MySQL, SQLite, PostgreSQL, MS SQL Server, etc. are all database management systems that rely on SQL. Each has its own special variety of SQL, but the general format of the queries is the same. The flavor of SQL for MS SQL Server is Transact-SQL or T-SQL. Make sure you include T-SQL when you are googling for solutions otherwise you might get a solution for another database type.

# SQL Queries

## Format
Series of commands followed by argument(s)

When dealing with multiple tables, identify a column name with tablename.columnname (required if there is more than one column with the same name)

End query with semicolon for multiple consecutive queries

## Style + Readability
Table names and column names can be case sensitive. For MS SQL Server, it is NOT case sensitive. Depends on the database. 

SQL keywords are NOT case sensitive

Standard format: Commands in all-caps

Each command set on new line

## Comments
Single-line comments:

-- begin line with two hyphens

Multi-line comments:

/\* enclose comment
in asterisk|slashes \*/

# SELECT, FROM, AS
The SELECT command specifies the desired columns 

The FROM command specifies the table from which those columns should be selected

The AS command temporarily renames a column or table with the specified name (an "alias")
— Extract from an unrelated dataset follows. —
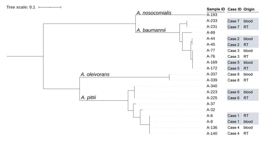 在这次EHA大会上,我们汇报的一项研究[2],分析了46例血液病患者。这些患者中,有39.1%(n=18)既往存在不动杆菌属定植。在定植的患者中,发生CRA血流感染(BSI)的比例显著高于非定植患者(72.2%vs 17.9%,P<0.001),炎性标志物水平和30天死亡率(78.6%vs.50%)也更高。值得注意的是,我们发现8例有呼吸道定植菌株和血流感染CRA呼吸道分离株相关样本检测匹配的患者中,二代测序显示其基因组学具有同源性,通过基于多位点序列分型(MLST)和单核苷酸多态性(SNP)的系统发育树发现,这些患者的血流感染CRA均来源于呼吸道定植菌株。这些结果表明,血液病患者的血流感染CRA和定植菌具有较高的同源性,临床上一旦筛查出此类定植菌,并且发生粒缺伴发热需警惕CRA感染,并且可以参考定植菌的药敏结果来选择恰当的抗菌药作为初始经验性治疗;另一方面则是要通过院感手段,减少血液病患者的耐药细菌定植。

An '\*' character selects all columns in a table

## Example
To retrieve all items from the resource catalog of items used in surgical cases:

**SELECT *  
FROM itmcat**

To retieve only the item manufacturer number, item description, and the date the item was added to the resource catalog, you would use the command:

**SELECT itm_altdesc, itm_procat, itm_adddate  
FROM itmcat**

To do the above while renaming the columns:

**SELECT itm_altdesc AS 'Item description', itm_procat AS Category, itm_adddate AS [Date added]  
FROM itmcat**

## Practice 1
In the table that contains product category information (prdmas), retreive all columns except prd_order, prd_dpcorder, and prd_serial. Rename prd_code and prd_catgry, but call them "Code" and "Product Category".
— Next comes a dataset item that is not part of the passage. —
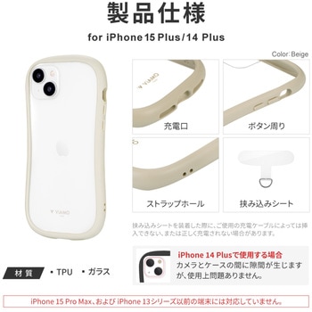 材質TPU+ガラスタイプケース型対応機種iPhone 15 Plus/iPhone 14 Plus特性耐傷・耐衝撃内容量1個

Include a comment in your solution

# COUNT
COUNT returns the number of non-null results in the specified column or the number of non-null rows. 

## Example
To count the number of non-null rows from the itmcat table:

**SELECT COUNT(*)  
FROM itmcat**

## Practice 2
Count the number of non-null serial numbers in the cstinv table. Rename the table "cost inventory".

# WHERE, AND, OR
The WHERE command retrieves rows that satisfy a given condition

Simple conditions:
- =          Equals  
- != or <>   Does not equal
- \> or <    Is greater/less than
- \>= or <=  Is greater/less than or equal to

Additional conditions covered in following slides:
- a AND b
- a OR b
- BETWEEN a AND b
- IN ('a','b','c')
- LIKE 'a'

BETWEEN, IN, and LIKE can all be modified using the "NOT" keyword to retrieve rows that are not a match
    

## Example
Using the 'itmcat' table, use this query to retrieve all items added before 2015:

**SELECT *  
FROM itmcat  
WHERE itm_adddate < '2015-01-01'**
    
Note: itm_adddate is of type string instead of date. This command works because the date is specified in the correct order: 'YYYY-MM-DD'.
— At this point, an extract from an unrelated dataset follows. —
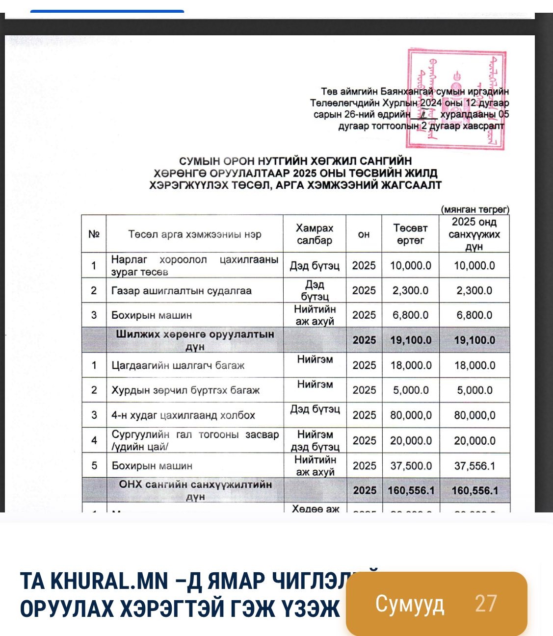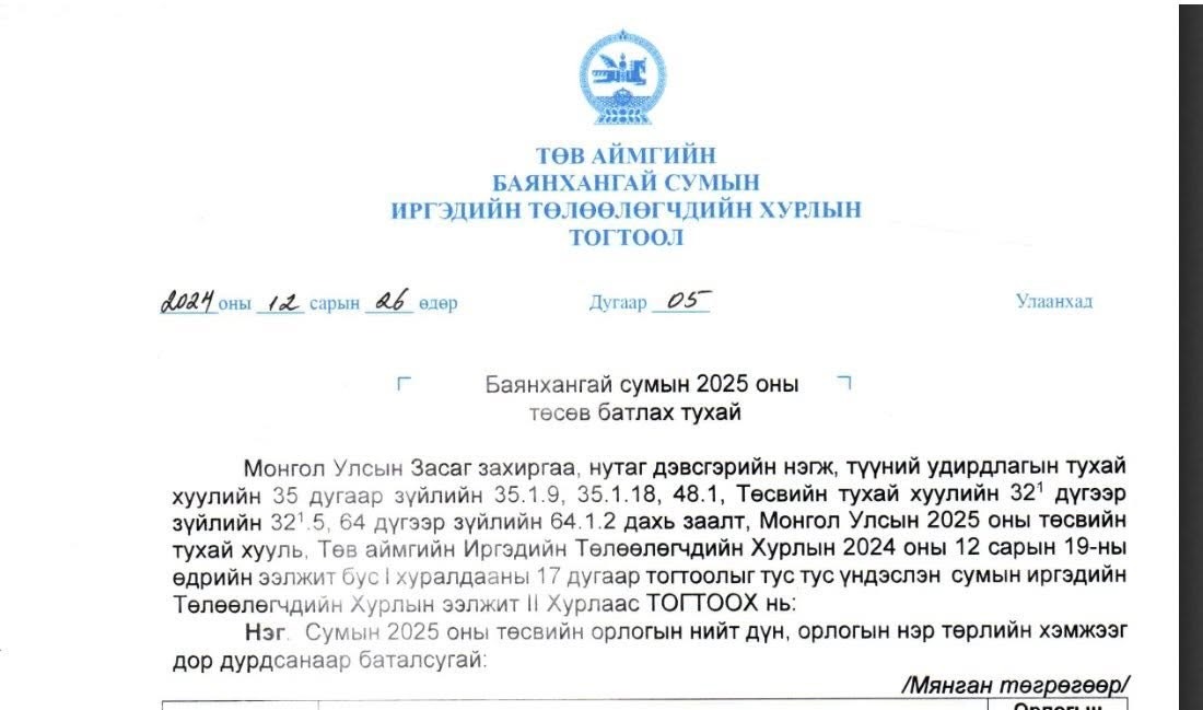 Төв аймгийн Баянхангай сумын ИТХ

Filter out items that are listed as inactive:

**SELECT *  
FROM itmcat  
WHERE itm_inact != 'I'**

Applying both filters: 

**SELECT *
FROM itmcat  
WHERE itm_inact != 'I' AND itm_adddate < '2015-01-01'**

Applying either filter:

**SELECT *  
FROM itmcat  
WHERE itm_inact != 'I' OR itm_adddate < '2015-01-01'**

## Practice 3
Retrieve a list from the cstinv table of items with a lasupd starting in 2017 with a serial number of less than 100,000, or items with a lasupd before 2010 and that is located in "MOTT OR SP" (column inv_cstctr).

# BETWEEN, IN, and LIKE (wildcards)

## Between

The BETWEEN command gives a range of values (inclusive)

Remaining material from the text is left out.